Since the Boltzmann factor \(\exp(E_s/k_\mathrm{B}T_b)\) strongly suppresses energies that are much larger than the thermal energy \(k_\mathrm{B}T_b\), one would think that system states with energies larger than \(k_\mathrm{B}T_b\) almost never occur.

No! Even if any particular high energy state occurs with very low (exponentially small) probability, it can be that we typically observe one of them if there are sufficiently many of them. What matters is not only the Boltzmann factor but also how many states the system has with a given energy.

To mathematize this insight, we introduce the multiplicity \(\Omega_s(E_s)\) of the system at energy \(E_s\). With that we can say that the probability to observe the system in a state with energy \(E_s\) is given by how many states with that energy exist times the probablity to observe one of them, i.e.,

\[\boxed{P(E_s)\propto \Omega_s(E_s) \exp(-\beta_b E_s)}\]

Usually there is a pronounced tradeoff between the two factors appearing in this equation. As the system energy increases, we gain a lot of new system states. But with increasing system energy, we also loose increasingly loose bath states, in fact at an exponential rate precisely given by the Boltzmann factor. The result is a pronounced peak of the product of both factors at a particular energy \(U\). This typical situation is depicted below.

In macroscopic systems, made up of O(Avogardo number) of particles, the peak becomes extremely sharp even in log space. In equilibrium, where our Basic Principle is satisfied, one therefore finds the system essentially deterministically at the energy \(U\) corresponding to the peak. That energy is called internal energy and can be found by maximizing the product of \(\Omega_s\) and the Boltzmann factor:

\[0=\left.\frac{\partial\ln P}{\partial E_s}\right|_U=\left.\frac{\partial\ln\Omega_s}{\partial E_s}\right|_U-\beta_b=0\]

The internal energy can therefore be found graphically by following the trajectory of \(\ln \Omega_s\), which is concave (bending downward), until its slope equals \(\beta_b\).

In complete analagy to our definition of the temperature of the bath, \(\beta_b\equiv \partial_E \ln\Omega_b\), we now introduce the temperature of the system via \(\beta_s\equiv \partial_E \ln\Omega_s\). The above equation says that, at the peak, both temperatures have to be the same,

\[\beta_s\equiv \left.\frac{\partial\ln\Omega_s}{\partial E_s}\right|_U=\beta_b\]

To make sure that the peak is actually a peak, we have to demand that the second derivative of \(\ln P\) is negative or, equivalently, that \(\partial_E^2\ln \Omega_s<0\). This condition is automatically met if \(\ln \Omega_s\) is a concave function, as sketched in the figure above.
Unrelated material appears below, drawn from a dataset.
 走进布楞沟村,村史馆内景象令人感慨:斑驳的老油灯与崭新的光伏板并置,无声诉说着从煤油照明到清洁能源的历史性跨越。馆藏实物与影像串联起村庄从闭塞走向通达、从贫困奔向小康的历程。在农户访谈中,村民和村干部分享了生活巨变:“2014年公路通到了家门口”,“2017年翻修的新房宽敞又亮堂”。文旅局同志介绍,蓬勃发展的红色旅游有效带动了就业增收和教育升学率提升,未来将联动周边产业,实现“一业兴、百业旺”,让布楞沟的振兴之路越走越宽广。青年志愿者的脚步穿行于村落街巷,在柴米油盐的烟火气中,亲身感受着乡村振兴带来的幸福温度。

To summarize: At equilibrium, large systems coupled to a bath are almost deterministically found at a particular energy, the internal energy, where the temperature of bath and system are equal.
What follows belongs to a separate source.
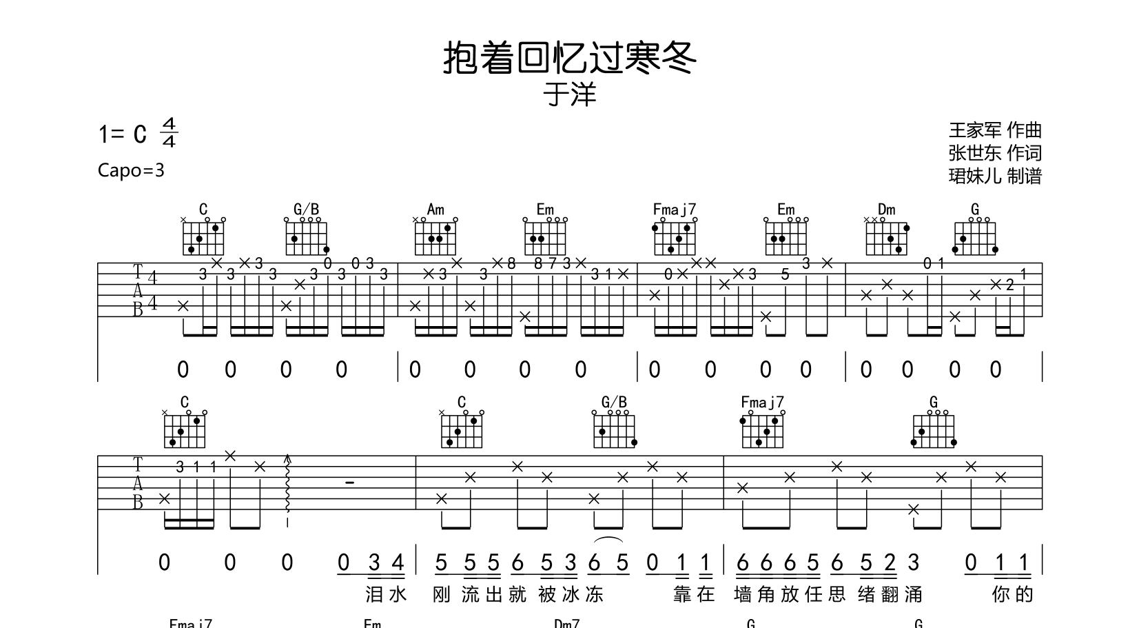 曲谱介绍: 《抱着回忆过寒冬》吉他谱,由创作者珺妹儿制谱,共两张高清六线谱图例,本谱采用C调指法编配,弹唱建议变调夹3品,速度85BPM,节奏4/4拍,难度较简单,易上手。

If a large system is intially out of equilibrium, say it has a larger or smaller energy than \(U\), it will gradually move towards the internal energy as a result of its internal dynamics towards higher probability (towards the peak). This is indicated by the blue arrow in my sketch above, indicating that spontaneous reactions always proceed towards the peak. Any reaction going away from the peak, towards lower probability, requires some kind of work and would not happen by itself (more precisely, would occur only with very low probability).

Partition function

To fully determine the probability \(P(E_s)\) to observe our system at a given energy \(E_s\),

\[P(E_s)=\frac{\Omega_s(E_s)\exp(-\beta_b E_s)}{Z}\]

we still need to evaluate a normalization constant \(Z\),

\[Z\equiv \int dE_s \Omega_s(E_s)\exp(-\beta_b E_s)\]

.

In large systems, the integral is dominated by the value of the integrand at the peak energy \(U\),

\[Z\approx \Omega_s(U) \exp(\beta_bU)\]

We define the free energy \(A\) as

\[A\equiv -k_\mathrm{B}\ln Z=-k_\mathrm{B}\ln \Omega_s(U)+U=U-TS_s\]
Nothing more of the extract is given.